▶ **DATA**
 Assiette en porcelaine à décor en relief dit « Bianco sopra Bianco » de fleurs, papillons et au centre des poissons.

...

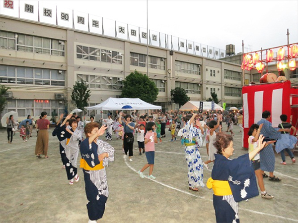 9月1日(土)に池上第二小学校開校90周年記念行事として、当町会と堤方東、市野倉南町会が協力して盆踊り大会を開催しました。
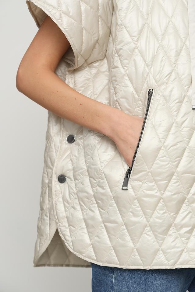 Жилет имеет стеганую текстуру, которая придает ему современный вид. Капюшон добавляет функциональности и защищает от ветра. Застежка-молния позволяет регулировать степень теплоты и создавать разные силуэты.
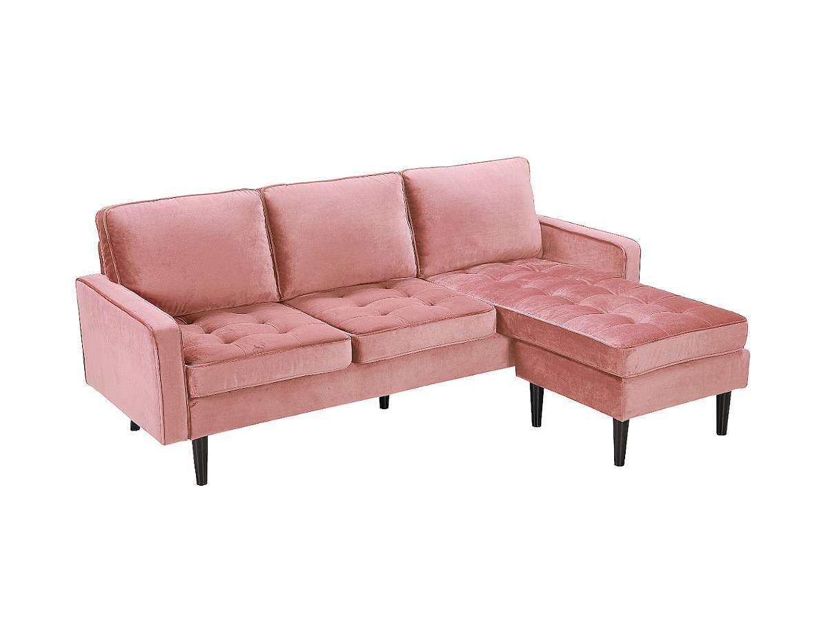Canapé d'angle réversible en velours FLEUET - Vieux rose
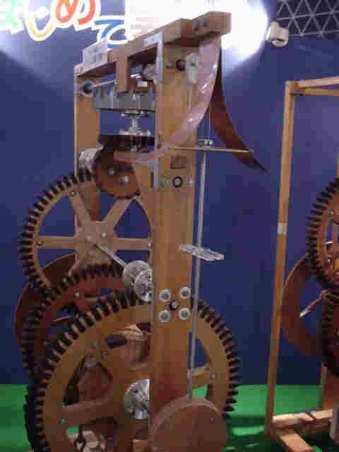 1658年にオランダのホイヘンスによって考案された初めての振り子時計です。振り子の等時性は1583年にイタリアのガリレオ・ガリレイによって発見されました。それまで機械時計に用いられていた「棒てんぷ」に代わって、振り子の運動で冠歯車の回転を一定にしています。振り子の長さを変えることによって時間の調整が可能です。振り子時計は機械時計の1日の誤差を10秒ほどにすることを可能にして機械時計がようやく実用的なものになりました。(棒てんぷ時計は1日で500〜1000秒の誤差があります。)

▶ **TASK BRIEF**
Could you transcribe exactly the entries above, but only the lines from the one with "9月1日(土)に池上第二小学" through the one with "1658年にオランダのホイヘ", and without pictures?

▶ **RESPONSE FOR THIS EXERCISE**
 9月1日(土)に池上第二小学校開校90周年記念行事として、当町会と堤方東、市野倉南町会が協力して盆踊り大会を開催しました。
 Жилет имеет стеганую текстуру, которая придает ему современный вид. Капюшон добавляет функциональности и защищает от ветра. Застежка-молния позволяет регулировать степень теплоты и создавать разные силуэты.
Canapé d'angle réversible en velours FLEUET - Vieux rose
 1658年にオランダのホイヘンスによって考案された初めての振り子時計です。振り子の等時性は1583年にイタリアのガリレオ・ガリレイによって発見されました。それまで機械時計に用いられていた「棒てんぷ」に代わって、振り子の運動で冠歯車の回転を一定にしています。振り子の長さを変えることによって時間の調整が可能です。振り子時計は機械時計の1日の誤差を10秒ほどにすることを可能にして機械時計がようやく実用的なものになりました。(棒てんぷ時計は1日で500〜1000秒の誤差があります。)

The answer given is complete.